High-income individuals are shut out from contributing directly to a Roth IRA. But even if your income is more than the maximum allowed, there is a way to gain entry to this popular retirement savings vehicle by employing a strategy called a “backdoor” Roth.

What is a Roth IRA?

A Roth IRA is similar to a traditional individual retirement account, but you fund it with money that’s already been taxed — meaning there’s no upfront tax break. In 2019, you can save up to $6,000 each year, or $7,000 if you are 50 or older, in an IRA account.

For a Roth IRA, the key feature is that there’s no tax on funds when you withdraw them in retirement. What’s more, Roth IRAs are not subject to required minimum distributions after the holder turns 70-and-a-half.

The hitch: To qualify for a full Roth contribution, you cannot make more than $193,000 if married and filing jointly (those with incomes of up to $203,000 can make a reduced contribution) or $122,000 if single (those making up to $137,000 can make a partial contribution).

This limit puts high-earners on the backburner when it comes to reaping the tax advantages of these retirement accounts.

How do backdoor Roths work?

While income caps keep some individuals from contributing to a Roth, there are zero income restrictions on converting from a traditional IRA to a Roth IRA. That means high-income investors can make regular IRA contributions and then convert them to a Roth.

Converting to a Roth isn’t without penalty: You must pay taxes on any funds in other traditional IRA accounts you have that aren’t converted, according to the Internal Revenue Service (IRS)’s pro rata rule. You must figure the ratio of IRA funds that have never been taxed (in other words, deductible IRA contributions and earnings) to the total assets in all of your IRAs.

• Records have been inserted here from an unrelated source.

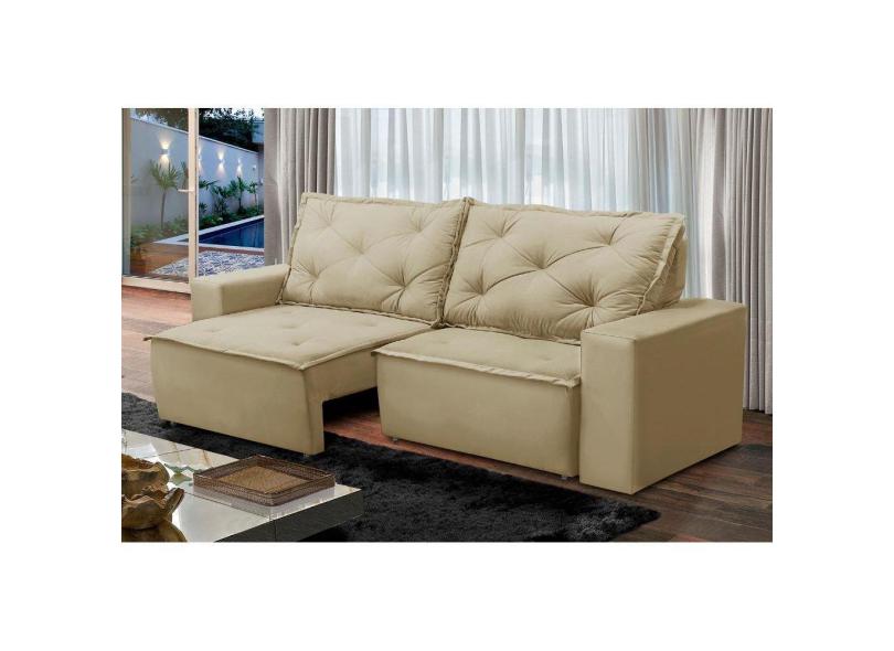 Sofá Retrátil e Reclinável 3 lugares com Molas 2,00m Ana Suede Bege Adonai Estofados
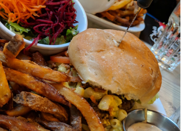 こちらが私が注文したお気に入りのマカロニチーズ入りのハンバーガー。 ボリューミーでフライとサラダもついてきます。
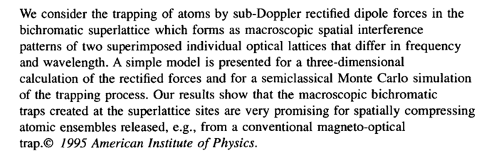 We consider the trapping of atoms by sub-Doppler rectified dipole forces in the bichromatic superlattice which forms as macroscopic spatial interference patterns of two superimposed individual optical lattices that differ in frequency and wavelength. A simple model is presented for a three-dimensional calculation of the rectified forces and for a semiclassical Monte Carlo simulation of the trapping process. Our results show that the macroscopic bichromatic traps created at the superlattice sites are very promising for spatially compressing atomic ensembles released, e.g., from a conventional magneto-optical trap.© 1995 American Institute of Physics.
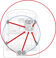 クルマの中に発生する音の残響成分を取り出し、デジタル処理技術で最適に加工した音の成分を加えることで、左右の音の広がり感を補正。すべての座席で自然な音響空間を実現することができます。
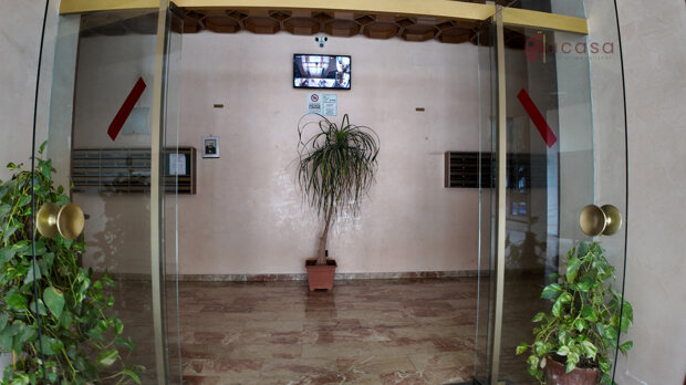 L’edificio si presenta curato anche nelle aree comuni: l’ingresso è elegante con pavimentazione in marmo originale ben tenuta, illuminazione naturale e telecamere per la sicurezza condominiale. La presenza della rampa d’accesso rende lo stabile comodo anche per persone con mobilità ridotta.
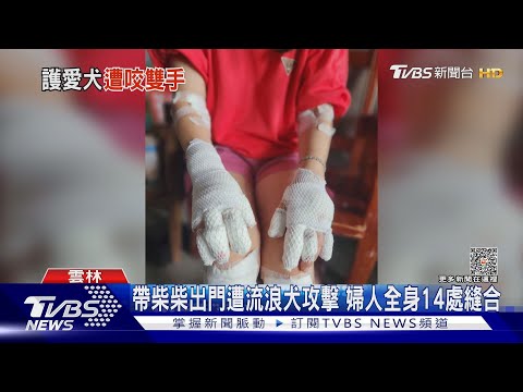 雲林一名婦人出門遛狗卻慘遭流浪狗攻擊,手腳多達14處縫合,肇事的惡犬脖子有領圈,
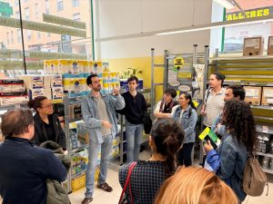 Seguimos caminando, esta vez con otra mirada: la de quien observa con más atención un territorio que ya no es solo lugar de paso. Mientras caminábamos nos contábamos… La Ventilla se fue mostrando como un entramado de iniciativas sociales y culturales que sostienen la vida del barrio: organizaciones sociales, espacios creativos, centros culturales diversos… y atravesando la calle que acoge cada domingo el Mercado de Tetuán llegamos a La Osa, el único supermercado cooperativo de Madrid. Allí, entre estanterías, productos ecológicos y conversaciones, constatamos algo sencillo pero potente: también desde nuestras decisiones de consumo estamos participando en la sociedad que construimos.
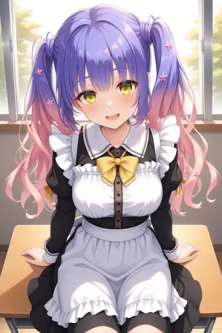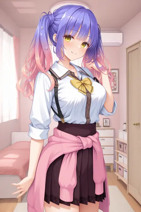 aakurumi, 黄色い目, 紫色の髪, ピンクの髪, 多色の髪, ツインテール, 髪飾り, 学校制服, 白いシャツ, 袖をまくった, サスペンダー, サスペンダースカート, ピンクのセーター, 腰に服が掛かっている, 茶色のスカート, プリーツスカート,
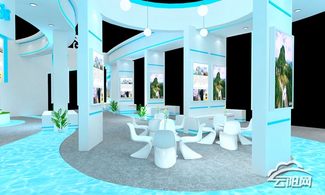 據(jù)了解,云陽展館總面積390平方米,展館分為商貿及農業(yè)產品展示區(qū)、工業(yè)板塊展示區(qū)、智能產品展示區(qū)、旅游展示區(qū)、洽談區(qū)、接待區(qū)等。展館主體造型運用了云陽著名景點龍缸云端廊橋為設計元素,以大氣科技感的藍白色為主色調,多處采用梯形的設計,引出云陽的梯城之名,地面長江流水的設計與頂上景點龍缸云端廊橋相呼應,使整體展臺與主題“萬里長江.天生云陽”相結合,點名主題寓意。農產品區(qū)運用了嫩芽發(fā)芽,向陽生長的設計理念,突顯出農產品的茁壯成長,寓意云陽的發(fā)展越來越好。
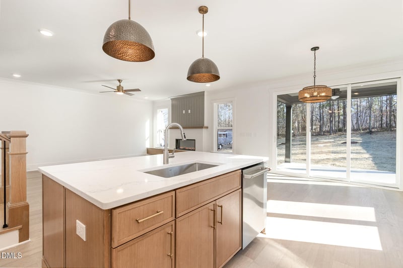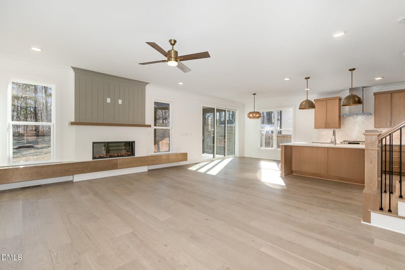 Listing details for 907 Danbury Dr, Durham, NC 27703 : Welcome to The White Oak, a thoughtfully designed new construction home offering elevated craftsmanship, refined finishes, and flexible living across three fully finished levels. This 5-bedroom, 3.5-bath residence spans approximately 2,549 heated square feet and blends modern functionality with timeless materials throughout. The main floor centers around a bright, open living and dining space anchored by a well-appointed kitchen featuring custom cabinetry, quartz countertops, a large island, walk-in pantry, designer lighting, and a statement hood. A three-panel sliding door opens to a screened rear porch, creating a seamless connection between indoor and outdoor living. Upstairs, the spacious primary suite includes custom built-ins and a spa-inspired bath with a fully tiled shower, frameless glass, and curated finishes. Three additional bedrooms, a secondary full bath, and a dedicated laundry room complete the second level. The finished third floor adds exceptional versatility with a fifth bedroom or playroom, pocket office, and full bath--ideal for guests, remote work, or a private retreat. Additional highlights include hardwood flooring throughout the main level and upper hallway, detailed interior trim, energy-efficient windows, EV charger prewire, structured wiring, and a sealed crawlspace. A covered front porch and attached two-car garage complete this thoughtfully executed home in a desirable Durham location.
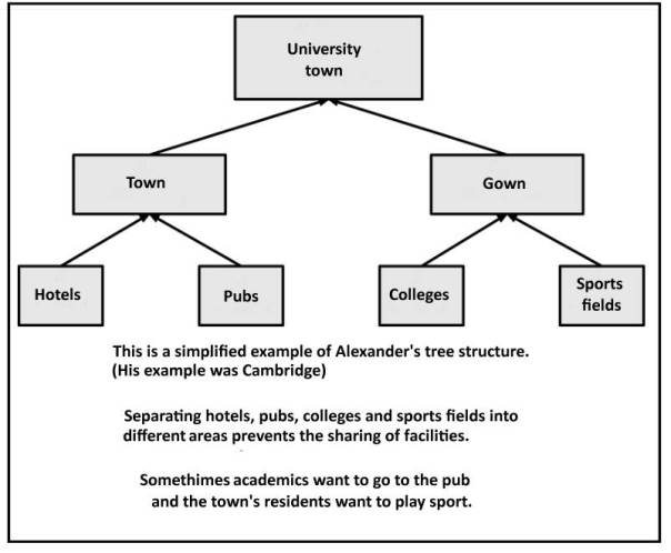 Christopher Alexander’s A city is not a tree was a revelation to read in the early 1970s. The planning approach of Corbusier and the modernists was that the commercial, residential, and industrial functions of a city should be separated from each other into separate districts.
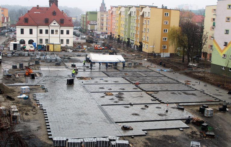 – Projekt rewitalizacji ma połączyć historyczne uwarunkowania i współczesne potrzeby – mówi Bartosz Żmuda z Creoproject, które zajęło się przygotowaniem rewitalizacji. – Wprowadzamy uporządkowaną zieleń miejską, która ma oddzielić zielonymi ekranami nowe, zrewitalizowane przestrzenie od tych zdegradowanych. Pojawi się droga gminna. Nawierzchnia placu będzie z jasnego kamienia z ciemnymi inkrustacjami z czarnego granitu szwedzkiego, które podkreślają średniowieczną parcelację tego miejsca, a jednocześnie budują fajne wnętrza dla różnych funkcji, z wodą, zielenią, gazonami. To jest przestrzeń, która może być przestrzenią dla sztuki, imprez sportowych, masowych, spotkań – mówi projektant, dodając, że serce miasta dzięki temu ożyje.
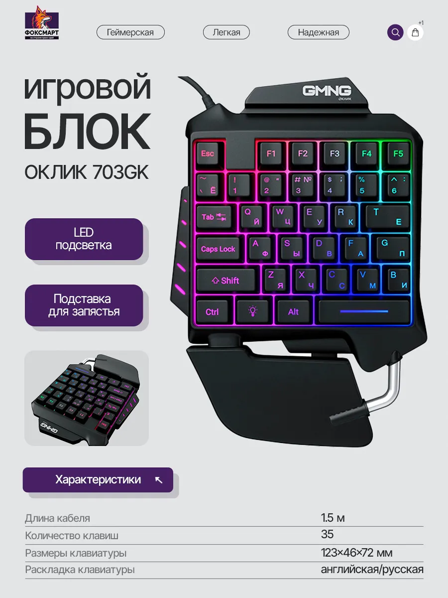 Игровой блок Oklick 703GK – это компактное и стильное устройство, специально разработанное для истинных геймеров.
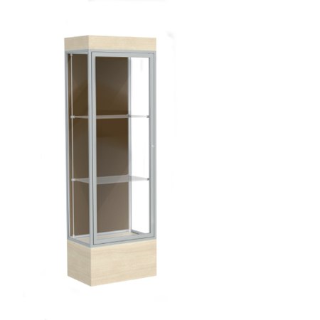 Edge Lighted Floor Display Case, 12" Beigewood Base w/ Chocolate Back and Satin Natural Aluminum Frame, 76"H x 24"W x 20"D (Item #: 93lfco-sn-cd-WD)
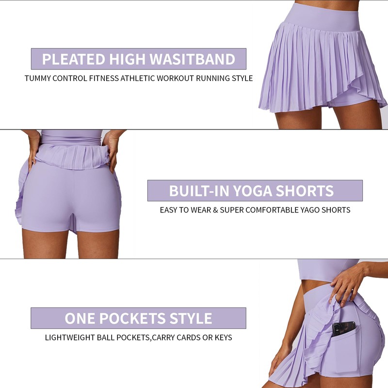 - This women's high waisted skorts skirts for women activewear is designed with pleated hem all around. The flowing looks make you more fashionable during workout. Pleated skirts for women helps you enjoy the beauty while exercising.
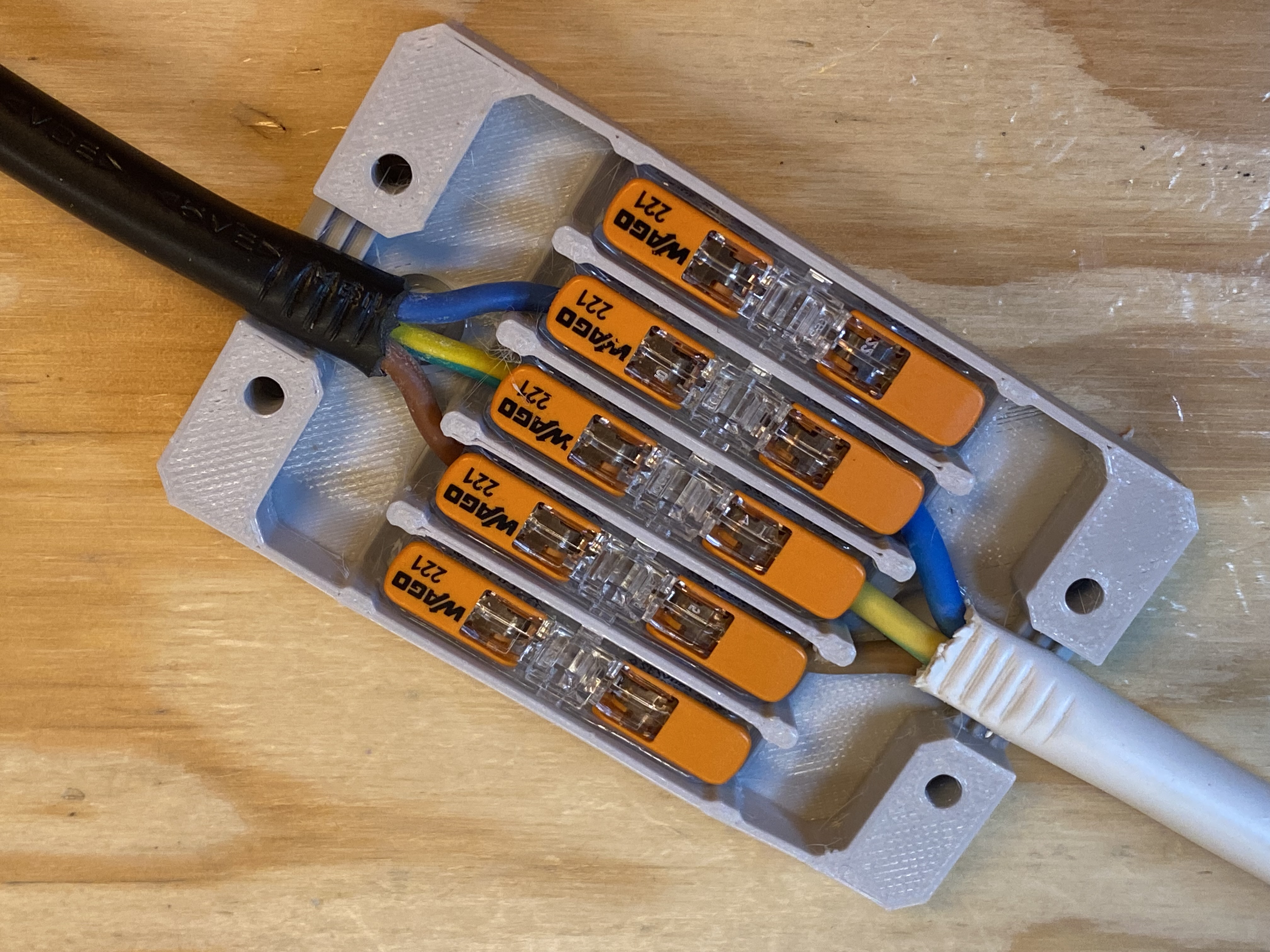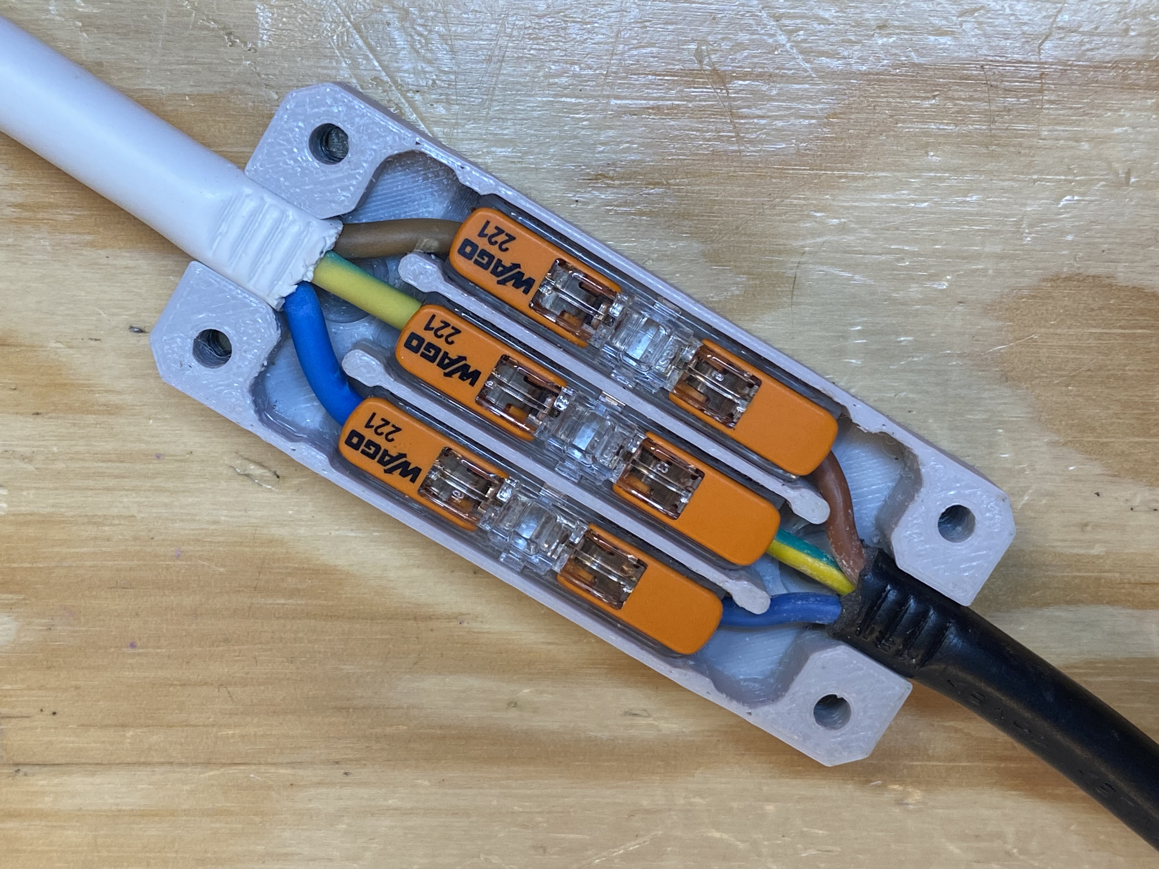 Hộp nối dài cáp cho đầu nối WAGO 221, nhỏ gọn, chống căng cáp tốt và có thể gắn bằng ốc âm. In bằng PETG, dùng ốc M3 để siết chặt.
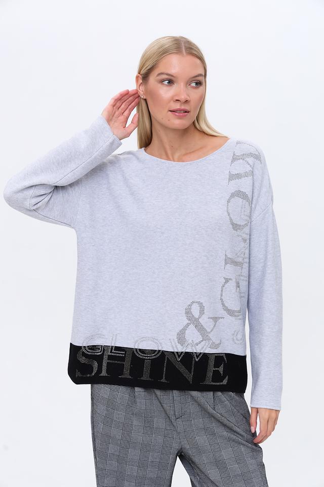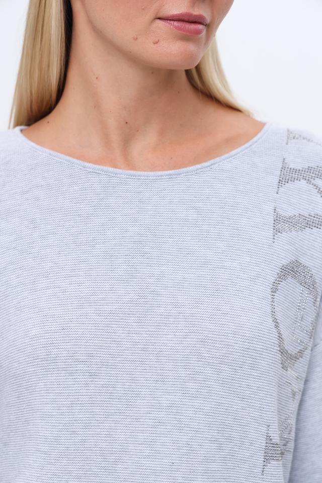 Серый пуловер Monari – это стильная и комфортная модель свободного кроя, украшенная эффектным декором из страз и надписью. Изготовлен из мягкого хлопка, обеспечивающего приятные ощущения при носке. Состав: хлопок 100%

For example, let’s say you have $94,500 in traditional IRA assets and make a non-deductible IRA contribution of $5,500 this year with the intention of converting it to a Roth IRA. In this case, 94.5 percent of your total of $100,000 in IRA assets has not yet been taxed. That means that 94.5 percent of your $5,500 contribution, or $5,197.50, would be taxable upon conversion. If you opted to convert your entire $100,000, you’d owe taxes on $94,500.

Avoiding the pro rata rule

There is a way to work around the pro rata rule too — with a reverse rollover.

If your employer’s 401(k) plan allows you to roll IRA money into it, you can move your deductible IRA contributions and pre-tax earnings into the 401(k). This is a good move if your employer’s plan offers solid, low-cost investment options.

Then you can convert any remaining, non-deductible contributions you have made to your traditional IRA into a Roth IRA. In this case, you’d owe no taxes on the conversion and would secure a tax-free stream of income in retirement when you begin making withdrawals.

Andrew Westlin, CFP, a financial planner at Betterment, says this can be a great strategy — but it’s only effective if the plan’s sponsor allows rollovers and if the individual has been keeping tabs on their investments.

“You, as the investor, need to know how much non-deductible basis you have in your IRAs so we can accurately determine how much can be converted and how much needs to be rolled in,” Westlin says.

If you don’t, you could get hit with a major tax bill.

Why do a backdoor Roth IRA conversion?

The main reason why retirement accounts like traditional IRAs and Roth IRAs are appealing is because they provide tax benefits for individuals who use them. However, those tax benefits are only available to individuals below the income thresholds.

Those above the income thresholds are not permitted to make a tax-deductible traditional IRA contribution, meaning they won’t have the opportunity to lower their taxable income through retirement savings each year. Additionally, they can’t take advantage of Roth IRAs, meaning they aren’t able to have their retirement earnings grow tax-free.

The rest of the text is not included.